Best Invoicing Software for Freelancers 2026

RunFreeTools TeamJun 19, 20269 min read

If you freelance, your invoicing tool is the thing standing between "finished the work" and "actually got paid." I've billed clients through most of these platforms over the years — solo design gigs, retainer copywriting, the occasional five-figure project — and the gap between a good invoicing app and a bad one is real money. A clean payment link gets you paid in three days. A clunky PDF emailed as an attachment gets you a "sorry, I missed this" two weeks later.

Here are my quick picks before we get into the weeds:

  • Best free invoicing: Wave — genuinely free invoicing, you only pay when a client pays by card.
  • Best free for low-revenue solos: Zoho Invoice — free up to $20K/year in revenue, and slick.
  • Best for recurring billing: FreshBooks — retainer and subscription invoicing that just works.
  • Best all-in-one (invoices + contracts + proposals): Bonsai — the whole freelance back office in one tab.
  • Best for getting paid fast: Stripe Invoicing — lowest payment fees and the smoothest "pay now" experience.
  • Best for open-source control: Invoice Ninja — self-host it for free, no client limits.

Quick comparison

Tool Free plan? Starting paid price Payment fees (card) Best for
Wave Yes (real) $19.99/mo Pro 2.9% + $0.60 Free invoicing, expense tracking
Zoho Invoice Yes (under $20K/yr) Free (Books from ~$15/mo) Via payment gateway Low-revenue solos
FreshBooks No (30-day trial) $21/mo Lite ~2.9% + $0.30 Recurring & retainer billing
Bonsai No (7-day trial) $15/user/mo Basic Stripe-based All-in-one freelance suite
Stripe Invoicing Pay-as-you-go 0.4% per paid invoice + processing 2.9% + $0.30 Fast online payments
PayPal Invoicing Yes Free to send 2.99% + $0.49 Clients who already use PayPal
Invoice Ninja Yes (5 clients) $18/mo cloud (free self-hosted) Via gateway Open-source / unlimited self-host

Pricing verified mid-2026; payment processing rates vary by country and card type. Always check current rates before you commit.

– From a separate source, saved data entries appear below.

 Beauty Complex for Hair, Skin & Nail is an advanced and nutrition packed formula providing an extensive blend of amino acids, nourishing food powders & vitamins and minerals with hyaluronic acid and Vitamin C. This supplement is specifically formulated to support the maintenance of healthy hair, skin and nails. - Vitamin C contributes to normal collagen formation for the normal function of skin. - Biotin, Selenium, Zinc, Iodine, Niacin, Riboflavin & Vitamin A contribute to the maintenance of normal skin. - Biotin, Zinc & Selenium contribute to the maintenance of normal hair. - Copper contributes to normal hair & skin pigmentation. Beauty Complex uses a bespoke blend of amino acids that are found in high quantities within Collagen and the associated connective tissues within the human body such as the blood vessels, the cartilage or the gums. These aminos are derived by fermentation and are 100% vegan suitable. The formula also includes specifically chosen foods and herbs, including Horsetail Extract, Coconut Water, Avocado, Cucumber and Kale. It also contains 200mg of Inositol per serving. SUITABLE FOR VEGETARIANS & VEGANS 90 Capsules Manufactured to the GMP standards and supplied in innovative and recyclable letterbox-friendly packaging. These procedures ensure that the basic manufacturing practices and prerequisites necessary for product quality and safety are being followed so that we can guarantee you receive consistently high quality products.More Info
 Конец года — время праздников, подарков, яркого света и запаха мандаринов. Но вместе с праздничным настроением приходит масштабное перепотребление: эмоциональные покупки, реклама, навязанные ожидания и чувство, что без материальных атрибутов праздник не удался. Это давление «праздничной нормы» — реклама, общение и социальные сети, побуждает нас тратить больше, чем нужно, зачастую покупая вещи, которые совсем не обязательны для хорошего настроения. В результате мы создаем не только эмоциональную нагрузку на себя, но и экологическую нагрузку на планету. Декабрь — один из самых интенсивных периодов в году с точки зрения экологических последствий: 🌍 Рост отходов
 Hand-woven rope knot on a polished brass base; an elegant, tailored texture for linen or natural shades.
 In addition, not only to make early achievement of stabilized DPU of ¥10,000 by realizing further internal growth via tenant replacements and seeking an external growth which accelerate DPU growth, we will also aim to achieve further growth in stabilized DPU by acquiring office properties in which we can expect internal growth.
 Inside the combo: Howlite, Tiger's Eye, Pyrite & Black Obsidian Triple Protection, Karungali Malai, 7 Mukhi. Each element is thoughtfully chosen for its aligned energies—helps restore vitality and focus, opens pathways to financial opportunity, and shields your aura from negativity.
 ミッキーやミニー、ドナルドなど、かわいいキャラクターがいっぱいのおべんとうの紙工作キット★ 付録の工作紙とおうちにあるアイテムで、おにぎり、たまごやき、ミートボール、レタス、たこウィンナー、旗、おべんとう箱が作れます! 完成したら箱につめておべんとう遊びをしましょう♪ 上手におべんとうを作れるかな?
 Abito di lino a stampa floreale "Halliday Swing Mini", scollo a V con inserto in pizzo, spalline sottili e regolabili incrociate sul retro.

Wave — the best genuinely free option

Wave is the one I recommend to brand-new freelancers without a second thought. The core invoicing and accounting features are free, and unlike a lot of "free" tools, that's not a 14-day tease — you can run a one-person business on the free Starter tier indefinitely.

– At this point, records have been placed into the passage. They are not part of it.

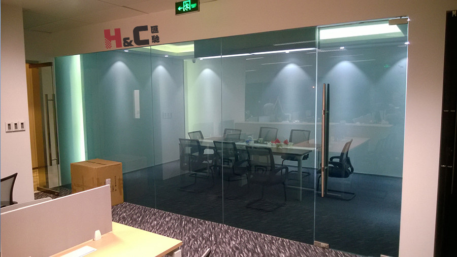 地點:廣州市天河區(qū) 應(yīng)用:5+5mm灰玻智能調(diào)光玻璃辦公室隔斷
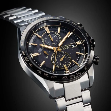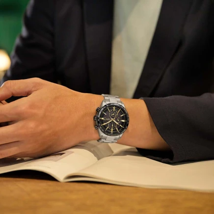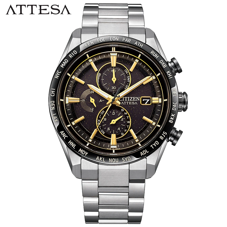 ブラックの文字板をベースに、ゴールドのアクセントカラーを取り入れた華やかな印象のデザインで、新年や新しい門出を祝うにふさわしい配色。
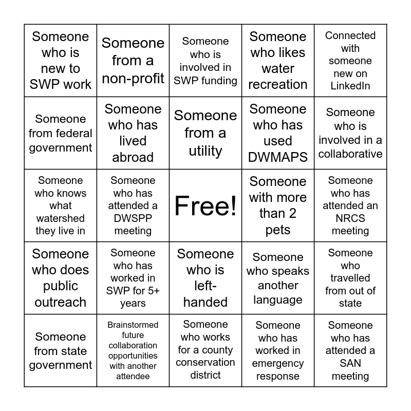 This bingo card has a free space and 24 words: Someone who has worked in SWP for 5+ years, Brainstormed future collaboration opportunities with another attendee, Someone from a utility, Someone from state government, Connected with someone new on LinkedIn, Someone who is new to SWP work, Someone from federal government, Someone from a non-profit, Someone with more than 2 pets, Someone who is left-handed, Someone who has used DWMAPS, Someone who knows what watershed they live in, Someone who speaks another language, Someone who travelled from out of state, Someone who has lived abroad, Someone who has worked in emergency response, Someone who has attended an NRCS meeting, Someone who is involved in SWP funding, Someone who is involved in a collaborative, Someone who has attended a DWSPP meeting, Someone who has attended a SAN meeting, Someone who does public outreach, Someone who likes water recreation and Someone who works for a county conservation district.
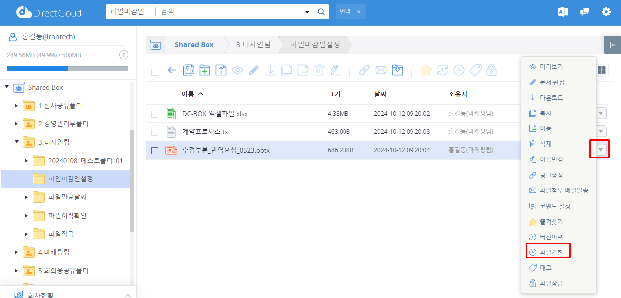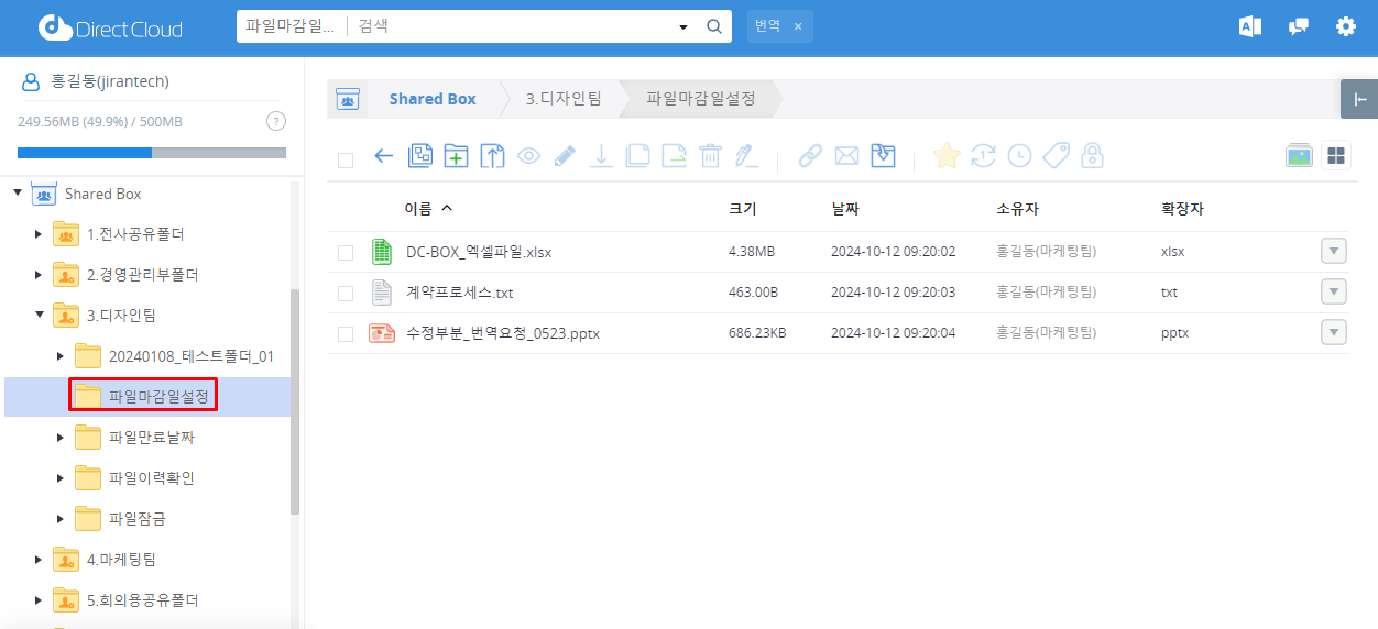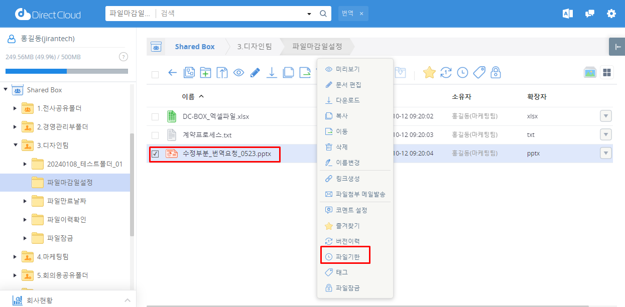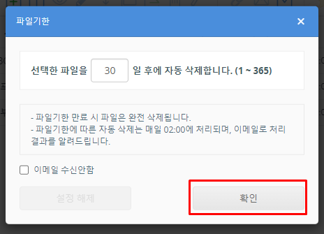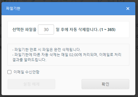 한 번 파일 기간을 설정하면 해당 파일이 자동 삭제될 때까지 남은 일수를 변경할 수 없습니다.

Strengths: Unlimited invoices, recurring invoices, and basic expense tracking at zero cost. The invoices look professional, clients can pay by card directly, and Wave doubles as lightweight bookkeeping so you're not exporting to a spreadsheet at tax time.

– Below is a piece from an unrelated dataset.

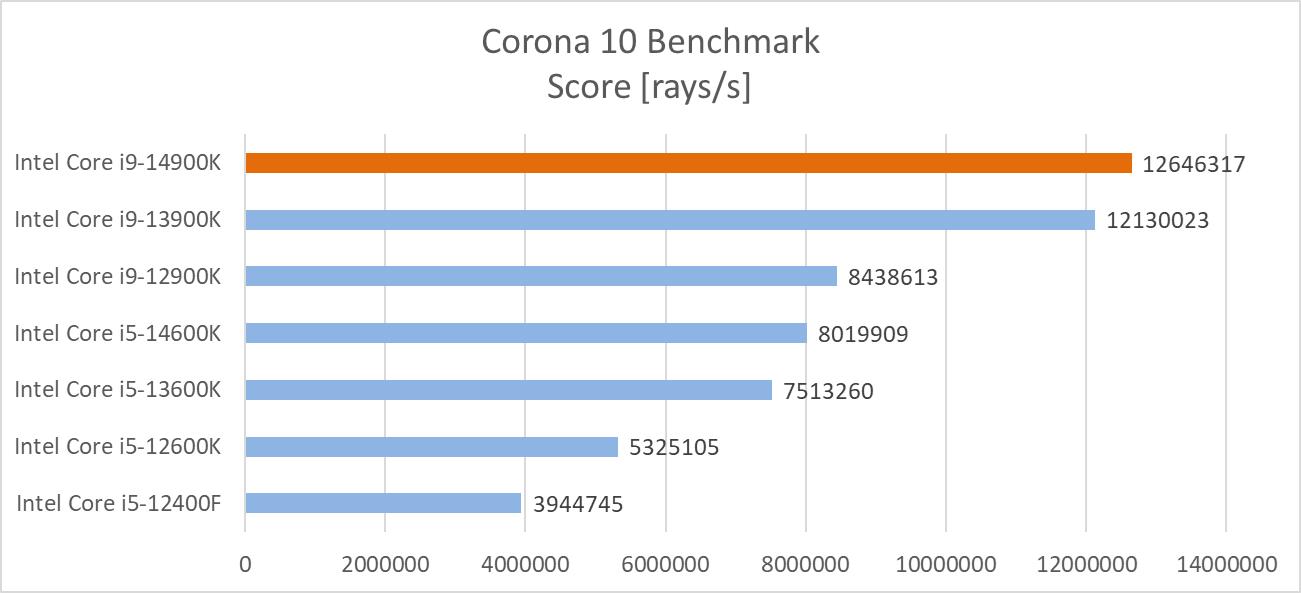 Silnik renderujący Corona dostępny jest Autodesk 3ds Max oraz Cinema 4D. Co ważne, nie wspiera on GPU, więc wydajność CPU jest tutaj kluczowa. W testach skorzystałem z benchmarka przygotowanego przez twórców, który dobrze sprawdza się w praktyce.

Real weaknesses: Wave changed in February 2024 — it split into Starter (free) and Pro tiers, and quietly moved useful features behind the $19.99/month Pro paywall. Automatic bank import, receipt scanning at volume, and removing Wave's branding from your invoices now cost money. Support on the free plan is thin, and payment fees (2.9% + $0.60 per card transaction, higher for Amex) are on the steep side compared to Stripe.

Pricing: Free Starter; Pro at $19.99/month (which also waives the $0.60 flat fee on your first 10 card transactions each month).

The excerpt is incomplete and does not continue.